GOAL OF THE EXERCISE
What you write must match, character for character, the lines from the one with "Τεχνοτροπία: Ακρυλικό σε" down to the one with "最新シングル「Moulin Rouge」をはじめ、3月にリリースされた長編交響曲「Symphony of" in the listing below, minus its pictures.

GIVEN DATA
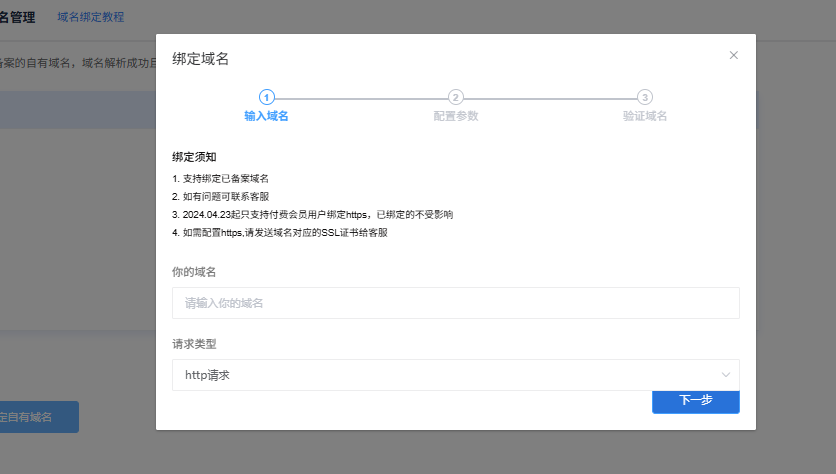 输入您已购买并在工信部备案的域名(如yourbrand.com),点击下一步。
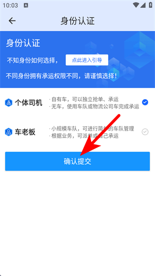 2、在身份认证页面,选择身份后点击确认提交,完成身份选择。
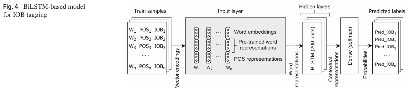 - BiLSTM 모델과 결합하여 문장 내 단어의 IOB 태그를 더 정확히 예측할 수 있었습니다.
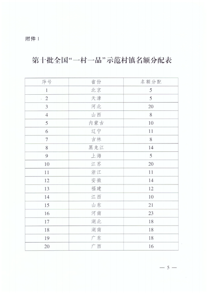 附件:1.第十批全國“一村一品”示范村鎮(zhèn)名額分配表
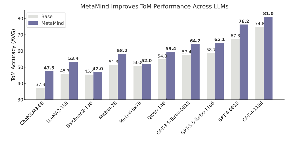 Figure 2: MetaMind improves Theory-of-Mind reasoning performance across LLMs. Each pair compares base model accuracy (gray) with MetaMind-enhanced accuracy (purple) on ToMBench. MetaMind consistently boosts ToM reasoning across both open-source and proprietary LLMs, highlighting its generality and effectiveness. See detailed performance in Appendix B.1.
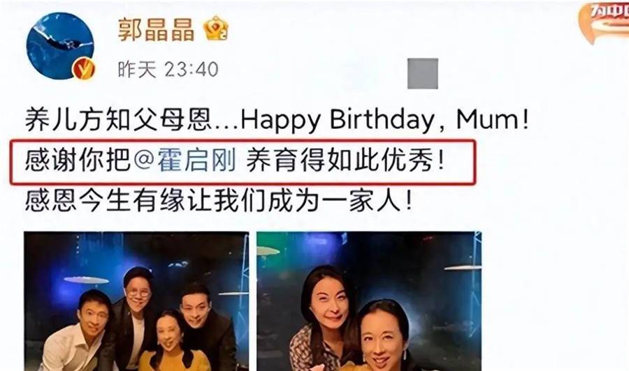 郭晶晶還曾在微博曬出了為婆婆慶生的照片,感謝她把霍啟剛培養得這麼好,有幸與他們成為一家人。
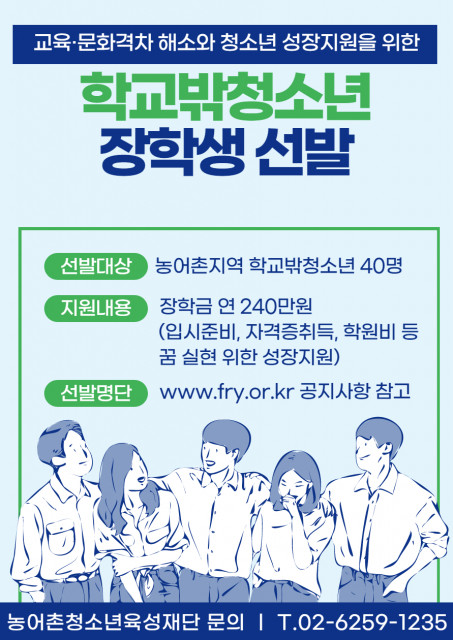 농어촌청소년육성재단(이사장 박성자)이 40명의 학교밖청소년에게 1인당 240만원의 장학금을 지급한다. 장학금은 학비 지원에 국한하지 않고 청소년들의 자격증 취득 및 학습기기 구입, 생활 안정 등 꿈을 실현하기 위한 사용처에 활용이 가능하다.
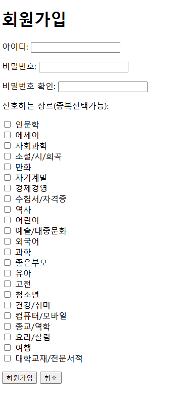 Django forms에 체크박스 넣는방법 # forms.py from django import forms...#회원가입폼class SignupForm(forms.Form): username = forms.CharField(min_length=3, label="아이디") password1 = forms.CharField(widget=forms.PasswordInput, min_length=4, label="비밀번호") password2 = forms.CharField(widget=forms.PasswordInput, min_length=4, label="비밀번호 확인") genre_choices = [ ('인문학','인문학'), ('에세이','에세이..
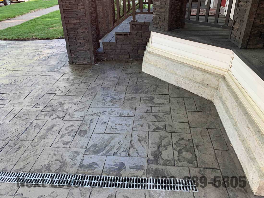 Client ask us to replace patio stones with stamped concrete which would be safer, easier to shovel and basically maintenance free. Additionally they wanted the walkway to integrate a sitting area where they could enjoy the front yard. He was very happy with the result.
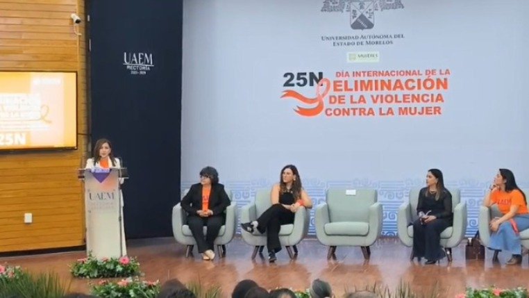 La rectora de la Universidad Autónoma del Estado de Morelos (UAEM), Viridiana Aydeé León Hernández, encabezó la conferencia impartida por Olimpia Coral Melo Cruz como parte de las actividades conmemorativas por el Día Internacional de la Eliminación de la Violencia contra las Mujeres #25N.
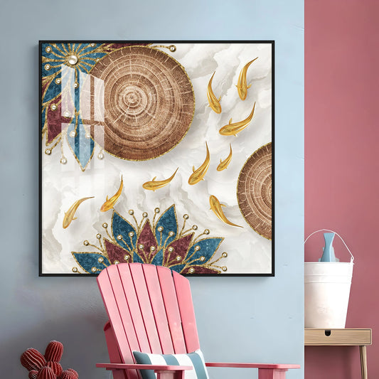 Golden Fish With Lotus Luxury Crystal Wall Art
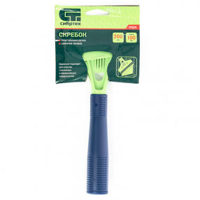 Скребок Сибртех 79529 длиной 200 мм, с лезвием шириной 100 мм, с пластиковой ручкой, — ручной инструмент для удаления старых лакокрасочных покрытий и загрязнений с керамических, стеклянных, металлических и прочих гладких поверхностей. Имеет двустороннее лезвие, острая сторона которого облегчает снятие остатков краски и лака, монтажной пены, удаление наклеек и жевательной резинки. Тупая сторона позволяет использовать скребок для удаления герметика, строительных смесей, шпаклевки и цемента. В случае износа лезвия нет необходимости приобретать новый инструмент, поскольку полотно можно заменить. Скребок пригодится во время ремонта, а также будет полезен в быту. Преимущества: Лезвие изготовлено из прочной углеродистой стали, что обеспечивает инструменту высокий ресурс работоспособности. Пластиковая рукоятка удобно лежит в руке, что повышает комфортность работы. Крышка, закрывающая лезвие, обеспечивает безопасность хранения и транспортировки инструмента. Лезвие надежно зафиксировано в корпусе, поэтому не расшатается и не выпадет во время работы. 210,00 ₽ / шт
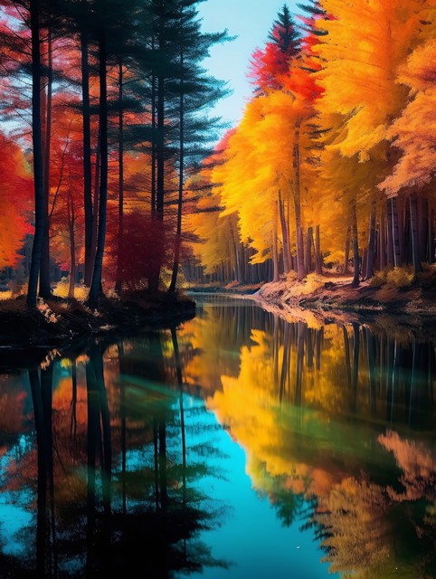 金秋胡杨林黄金色的树林秋天大自然风景,金色树叶翡翠湖泊倒影的优美森林景观背景
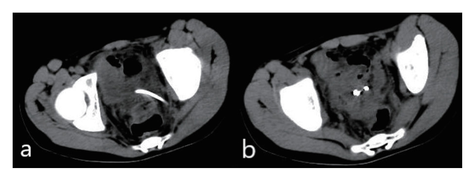 | 图 8 术后腹腔CT显示:盆腔可见引流管影,引流管周围未见明显积液 |
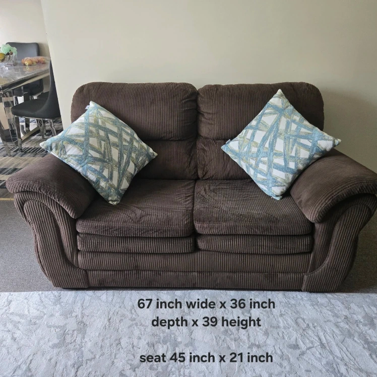 Selling a comfy brown corduroy sofa and loveseat set. It's perfect for a living room or family room. The set shows some signs of use, but it's still in good condition and ready for a new home!
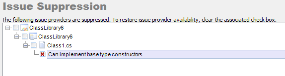 省略的部分显示在CodeRush的Editor | Code Analysis | Issue Suppression页面,你可以在这个页面删除问题。
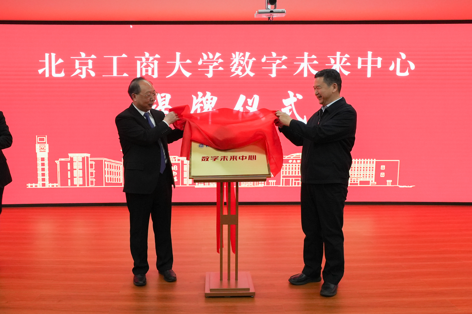 武世興與黃先開共同為北京工商大學數(shù)字未來中心揭牌。
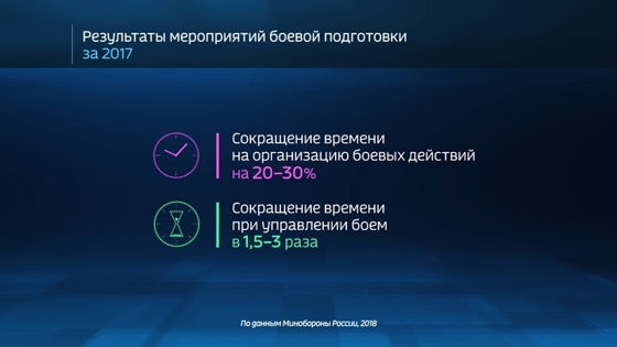 Russian military training. Thousands of exercises conducted: 2012 — 2,7 2017 — 8,1 Three times. Exercises conducted in 2017: joint exercise — 1235 two-side maneuvers — 1468 35 international exercises have been conducted. The results of the 2017 training: Time needed for the organization of military actions is reduced by 20-30% Time spent on engagement control reduced by a factor of 1.5-3. These results were achieved thanks to the new Unified tactical management system. The increase in the level of training compared to 2013: combat vehicles operating — by a factor of 1.2 skydiving — by a factor 1.5 aircraft crew experience — by a factor of 1.6 ship crew experience — by a factor of 1.5 submarine crew experience — by a factor of 2.8
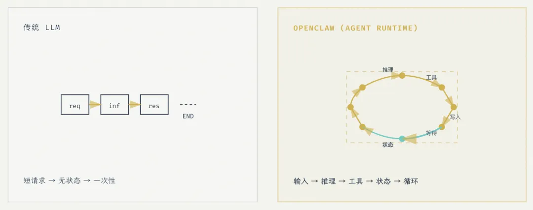 • 传统 LLM: request → inference → response → 结束 • OpenClaw(Agent runtime): 输入 → 推理 → 调用工具 → 写入状态 → 等待 → 再推理 → …(循环)
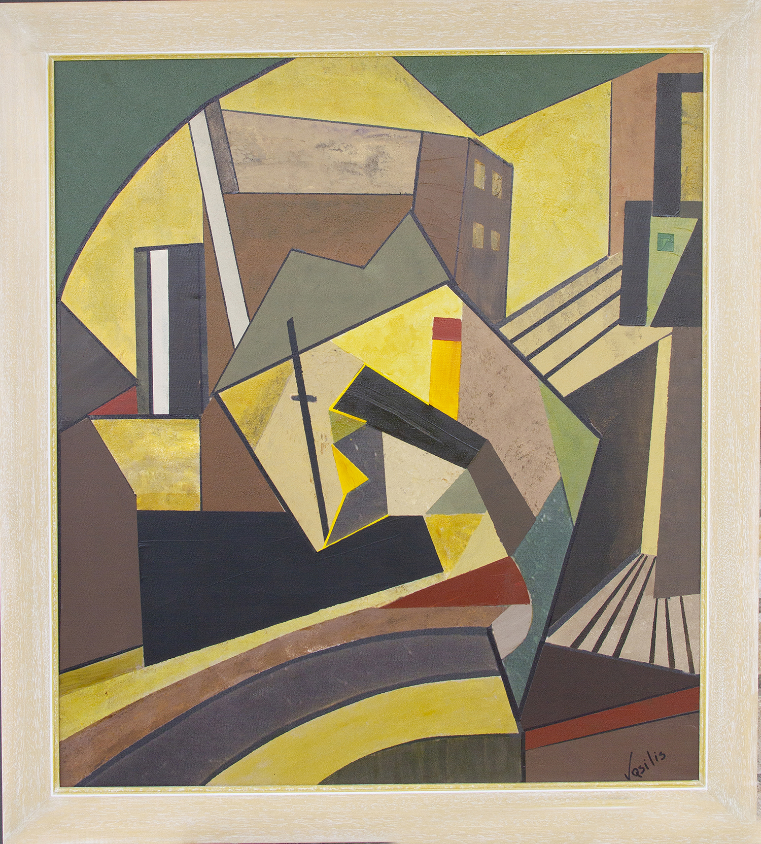 Τεχνοτροπία: Ακρυλικό σε καμβά με έντονες κυβιστικές επιρροές και γεωμετρικές μετατοπίσεις
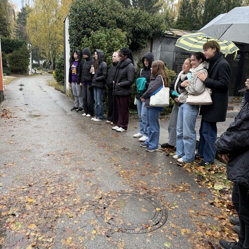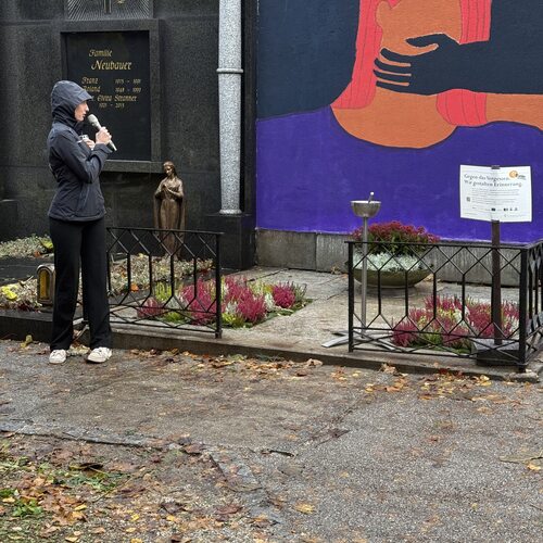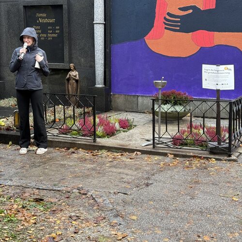 Im Rahmen der größten Jugendsozialaktion Österreichs „72 Stunden ohne Kompromiss“ gestalten Schüler:innen der 8MED-Klasse des BRG Linz Hamerlingstraße von 22. bis 25. Oktober 2025 auf dem St. Barbara Friedhof Orte der Erinnerung. Dafür stellte der St. Barbara Friedhof derzeit ungenutzte Wandgräber zur Verfügung. Es entstanden Orte des Gedenkens für vier Gruppen: Opfer von Femiziden, Suizidopfer, Flüchtlinge auf der Balkanroute und Opfer von Zwangsarbeit im 2. Weltkrieg.
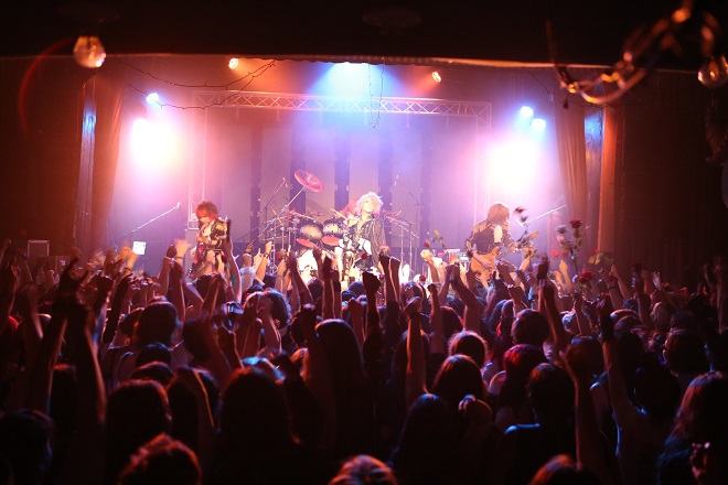 最新シングル「Moulin Rouge」をはじめ、3月にリリースされた長編交響曲「Symphony of The Vampire」など、このライブでは全17曲が披露された。ラストナンバーとなったソロ第1弾シングル「Louis ~艶血のラヴィアンローズ~」では大合唱が巻き起こり、熱狂のうちに初ライブの幕を閉じた。
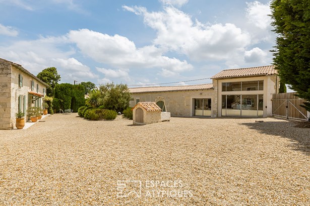 It is surrounded by a bar area and rest areas conducive to relaxation near the petanque court. The garden, tastefully planted with trees, also includes a vegetable garden, Mediterranean species and a large parking lot that can accommodate several vehicles and allows independent access to the different occupants of the living quarters.
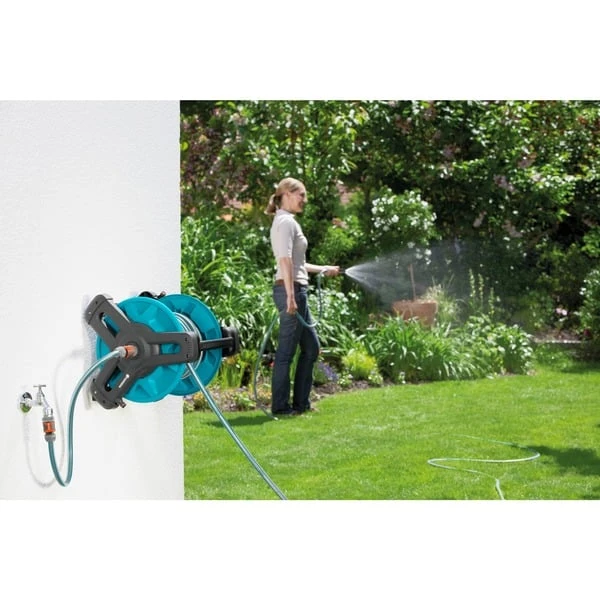 Das GARDENA Classic Wand-Schlauchtrommel 50 Set (8009-20) ist mit einem 20 Meter langen Schlauch von 13mm (1/2“) Durchmesser, einer GARDENA Classic Spritze und allen nötigen Original GARDENA Systemteilen ausgestattet. Damit eignet sich das Set besonders für kleine bis mittlere Gärten. Die Schlauchtrommel unterstützt die Arbeit dabei mit der schonenden Aufbewahrung des Gartenschlauches sowie der Möglichkeit den aufgerollten Schlauch schnell und bequem zu transportieren. Die freilaufende Handkurbel erlaubt die leichte Bedienung der Handtrommel und kann außerdem zur platzsparenden Aufbewahrung eingeklappt werden. Eine Wandhalterung samt Schrauben, Dübel und Montageanleitung ist im Lieferumfang enthalten und gewährleisten eine kinderleichte Montage. Ein abgewinkelter Schlauchanschluss verhindert ein umknicken des Schlauches und gewährleistet so den vollen Wasserdurchfluss. Eine drehbare Anschlussachse verhindert, dass sich der Anschlussschlauch beim Auf- und Abrollen mit dreht. Ein integrierter Nachtropfstopp ermöglicht außerdem, dass nach Gebrauch und beim Transport kein Restwasser aus dem Schlauch tropft. So bilden sich auch bei der Lagerung des Schlauches keine Wasserpfützen durch auslaufendes Wasser. Durch die dreieckige Bauform der Seitenteile und den tiefen Schwerpunkt bekommt die Trommel eine hohe Standfestigkeit und kippt nicht leicht um.Art.-Nr.: 1213875
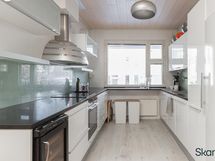 - Keittiön varusteet: Jääkaappi, uuni (Integroitu), liesi, liesituuletin ja astianpesukone (Integroitu). Liesi: Induktioliesi. Työtason materiaali: Kivi. Keittiö uusittu 2007.
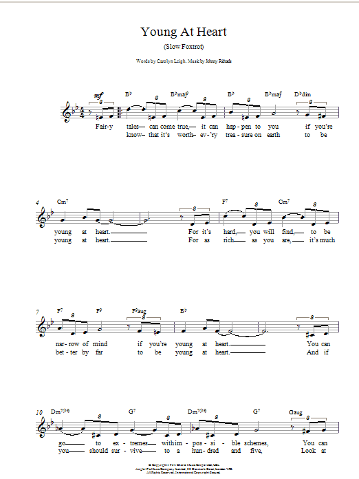Download or print Frank Sinatra Young At Heart sheet music, chords and digital score arranged for Piano & Vocal. This Jazz score includes 5 page(s).

ANSWER TO THE EXERCISE
 Τεχνοτροπία: Ακρυλικό σε καμβά με έντονες κυβιστικές επιρροές και γεωμετρικές μετατοπίσεις
 Im Rahmen der größten Jugendsozialaktion Österreichs „72 Stunden ohne Kompromiss“ gestalten Schüler:innen der 8MED-Klasse des BRG Linz Hamerlingstraße von 22. bis 25. Oktober 2025 auf dem St. Barbara Friedhof Orte der Erinnerung. Dafür stellte der St. Barbara Friedhof derzeit ungenutzte Wandgräber zur Verfügung. Es entstanden Orte des Gedenkens für vier Gruppen: Opfer von Femiziden, Suizidopfer, Flüchtlinge auf der Balkanroute und Opfer von Zwangsarbeit im 2. Weltkrieg.
 最新シングル「Moulin Rouge」をはじめ、3月にリリースされた長編交響曲「Symphony of The Vampire」など、このライブでは全17曲が披露された。ラストナンバーとなったソロ第1弾シングル「Louis ~艶血のラヴィアンローズ~」では大合唱が巻き起こり、熱狂のうちに初ライブの幕を閉じた。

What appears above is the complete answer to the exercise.